Other VCs report a deluge of pitches and note that it’s a small window of opportunity, with little else on the horizon “having comparable potential.”
Not every VC is biting. Garri Zmudze of LongeVC dismissed the category outright. “We don’t look at [peptides],” he said. “There is no IP.”
Most peptides are either unpatentable or out of patent, meaning no exclusivity or venture-size returns — which advocates say explains the lack of rigorous studies. “I want to see more proof,” said Zmudze. “I don’t think it’s really good to do experiments on yourself.”
The other downside is financial risk. “[Investors] would have a pretty good buffer when it comes to criminal and even civil exposure,” said Holt. “But financially, it could all just be gone, just like that.”
Gray-market startups are betting on an enforcement gap.
“There’s the law on the books, and then there’s the law as it’s enforced, and we’re not seeing a lot of enforcement,” said Patricia Zettler, a law professor at Ohio State and former HHS counsel. Much of the peptide market is “pretty clearly running afoul” of FDA rules, she added, and the “research use only” label is “not a slam-dunk ‘get out of FDA free’ card.”
One reason founders feel empowered to flout the rules is the agency’s track record. Since December, the FDA has sent seven warning letters to peptide companies, including the Chappell Roan-inspired Pink Pony Peptides, which continues to operate. (Roan is not affiliated.) HHS reps did not answer questions about current sales or enforcement, instead pointing to the agency’s July meeting on peptide risks and safety, which will weigh whether some can be approved for compounding.

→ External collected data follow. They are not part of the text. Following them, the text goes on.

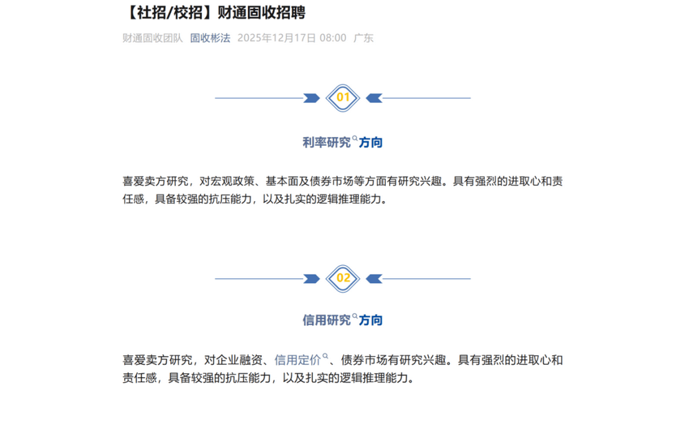12月17日,财通证券研究所固收团队通过公众号发布分析师招聘信息。主要涉及利率研究、信用研究两个方向,从要求来看,社招要求2022年及以后毕业,校招要求2026年毕业,重点大学硕士及以上学历。并且能够独立完成1篇深度报告,并完成答辩;配合完成其他日常工作。
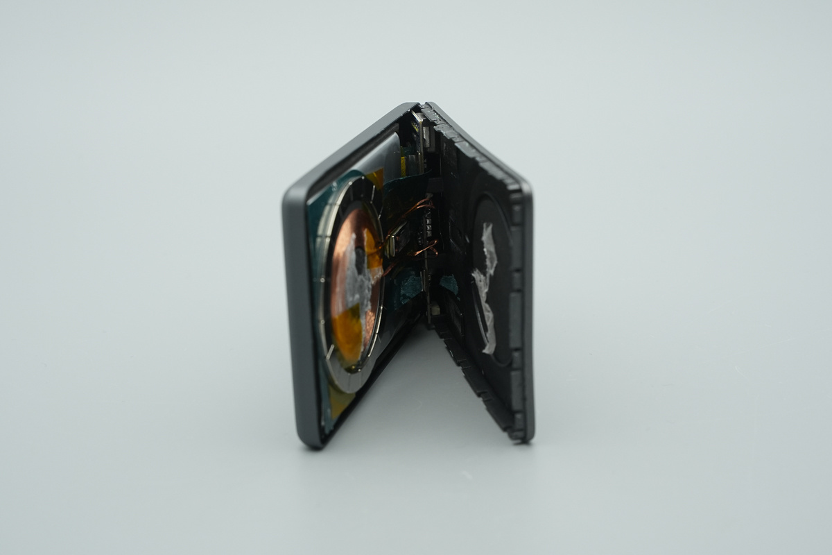 沿机身壳体缝隙拆开外壳,机身采用卡扣配合胶粘固定。打开后可以看到,内部为典型的单电芯+无线充电线圈+小板方案。
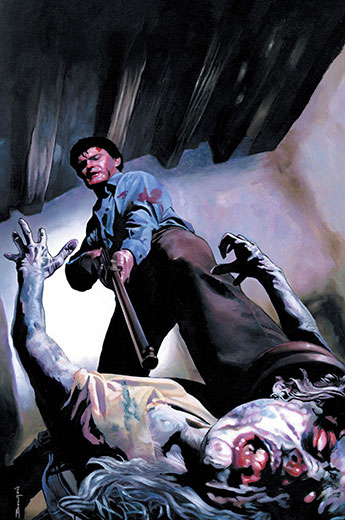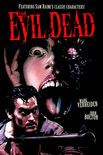 Comic book film adaptation of the first Evil Dead film. Writer Mark Verheiden (Battlestar Galactica, My Name Is Bruce) and illustrator John Bolton (God Save the Queen, Harlequin Valentine) present an exciting expansion on the classic horror film that introduced us to the powerful Book of the Dead, the relentlessly violent deadites, and Ash–one resilient, blood-soaked survivor. Now an iconic horror hero, relive Ash’s first visit to the cabin that brought him face to face with the delectably deranged deadites who possessed his girlfriend and friends…and turned “the perfect place to get laid” into a house of fear and fury. Return to the original nonstop gore-fest and experience the thrills, gags, and gagging anew, with unexpected extra scenes.
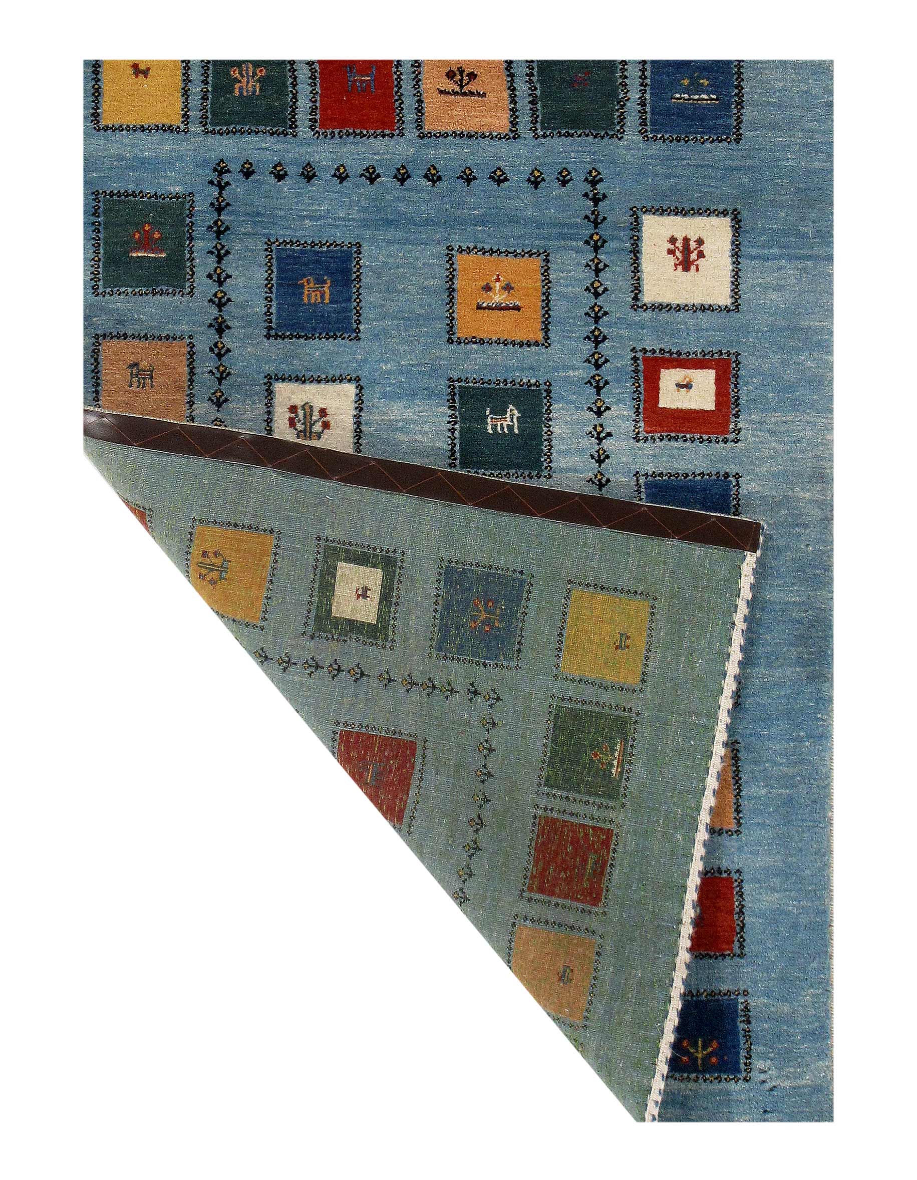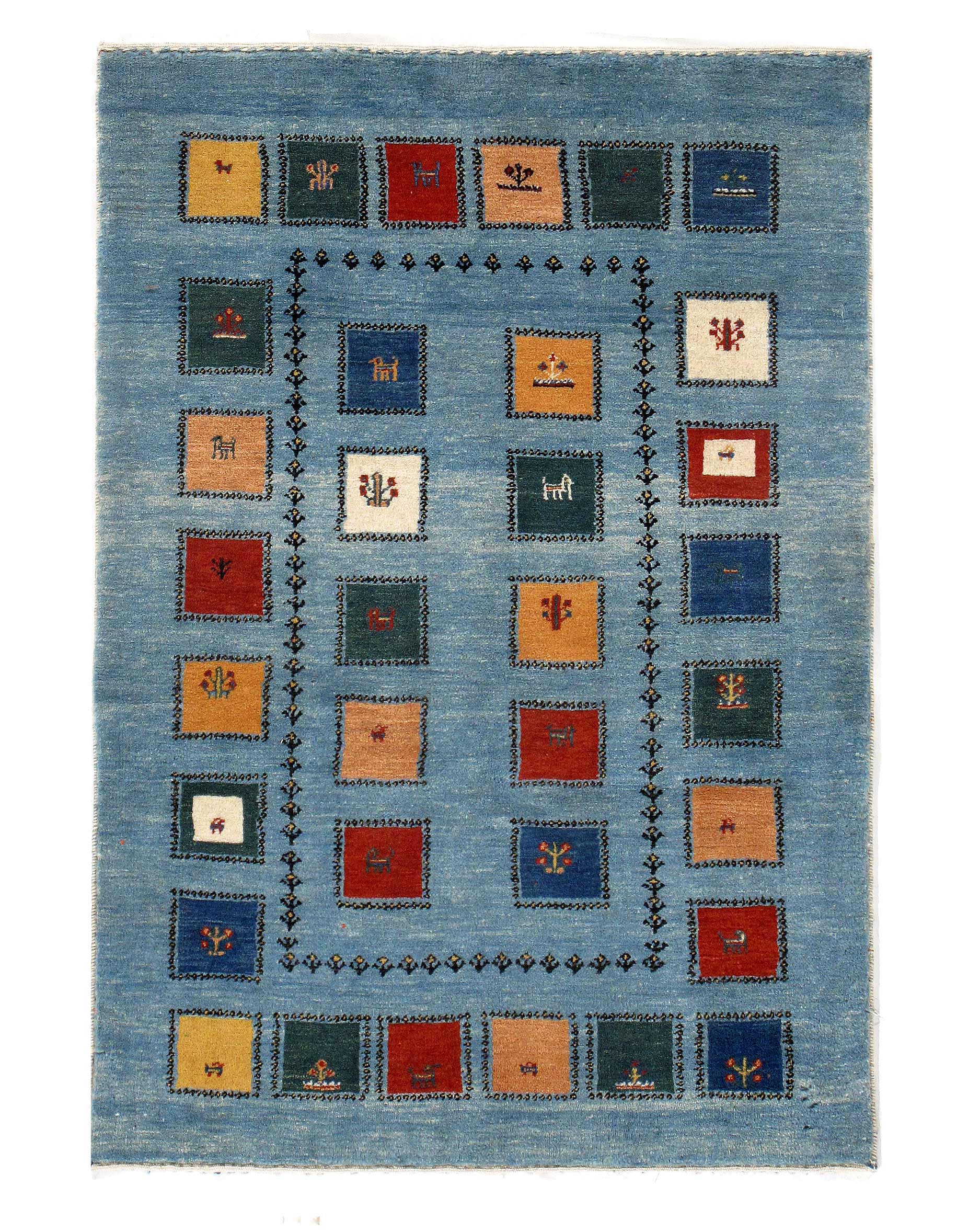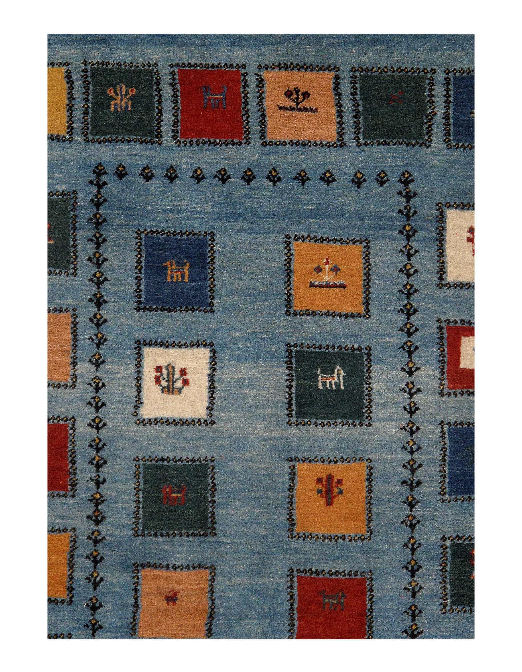 A Gabbeh is a handmade Persian rug which were traditionally woven by Qashqai and Luri weavers in Iran. These rugs are and were simple, whimsical or modern in design, often using geometric and stylized human, animal and plant forms.

Peter Koshland, who teaches clinical pharmacy at UCSF and runs Koshland Pharm in the Financial District, said peptides have upended many of the industry’s safety standards. For months, his staff has fielded calls from doctors about BPC-157 and other unapproved peptides. “Up until this point, I’ve been expected and required to dispense medications with a very high standard of safety and clinical utility,” he said. “That isn’t present in some of the peptide dispensing.”

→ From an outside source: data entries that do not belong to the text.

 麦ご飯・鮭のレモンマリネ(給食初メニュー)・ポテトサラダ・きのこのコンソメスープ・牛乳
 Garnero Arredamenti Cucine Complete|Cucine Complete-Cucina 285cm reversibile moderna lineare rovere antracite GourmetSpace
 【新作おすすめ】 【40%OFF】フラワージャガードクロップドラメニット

Even if he wanted to, pharmaceutical-grade versions fit for human use are not available. “Research-grade chemicals are basically all that’s available,” he said. “I would lose my license if I was to compound with them and give them to a patient.” If the peptides were greenlit tomorrow, he could still not dispense research chemicals. “There is no way to just Sharpie that with some testing.”

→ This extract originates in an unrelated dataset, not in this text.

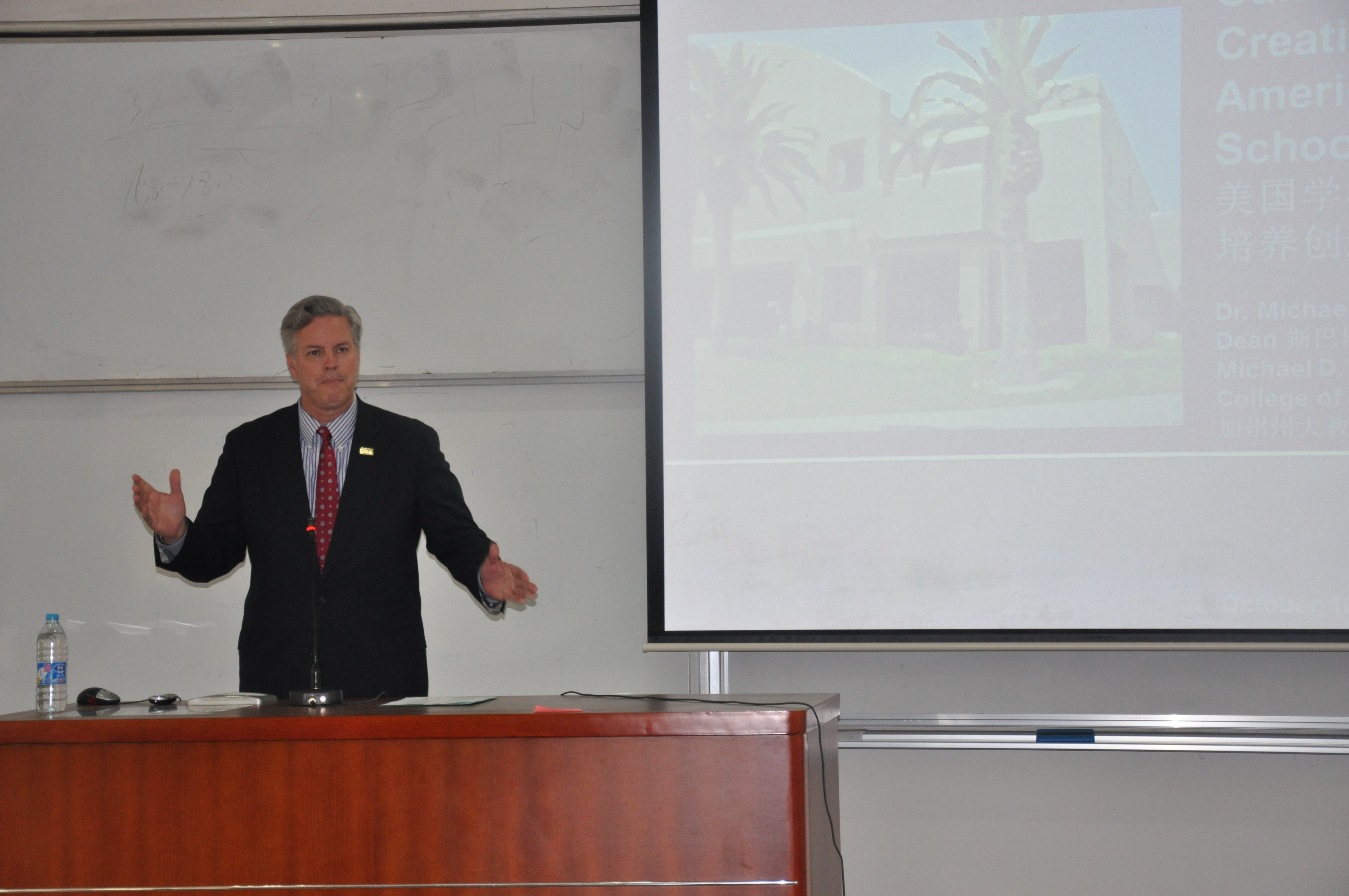 10月16日下午,教育学院60周年校庆系列讲座之“14学思湖海外名师讲坛”在四教201举行,美国加州州立大学北岭分校伟德国际BETVlCTOR院长麦克·斯巴格纳(Michael Spagna)教授和该校中国所所长苏智欣(Justine Su)教授应邀分别为我院研究生开讲。

A pharma-grade supply chain would take three to nine months to develop, said Scott Brunner, CEO of the Alliance for Pharmacy Compounding, an industry group. In the interim, “pharmacies are being pounded by prescribers and patients to prepare these drugs,” he said. Some are risking it, gambling that “all of the past sins will go away once they’re authorized.” While he’s concerned, he doesn’t view it as a crisis. “This isn’t heroin. We don’t have bodies in the street.”
Koshland is less optimistic. “The level of political pressure coming from above to the FDA for these specific medications is unprecedented,” he said. “We’re all holding our breath a little bit and just hoping that nobody gets hurt.”
Two weeks after hosting his California Peptide Club, Ritter was already planning more. On the docket: a build-your-own peptide meetup, using AI to modify GLPs, a genome sequencing event, and possibly an IV drip night. He’s considering starter packs for new-to-San Francisco aspiring founders — “a performance peptide welcome kit” with a mini-fridge, syringes, and maybe samples, assuming he can figure out the legal side.
The challenge, he said, is making sure people experiment safely and take care of the basics — sleep, exercise, nutrition — first. “It’s dangerous when you try to shortcut taking care of your natural biology,” he said. As for him, he’s forging ahead. “I love being the guinea pig. It’s so exciting. SF is so back.”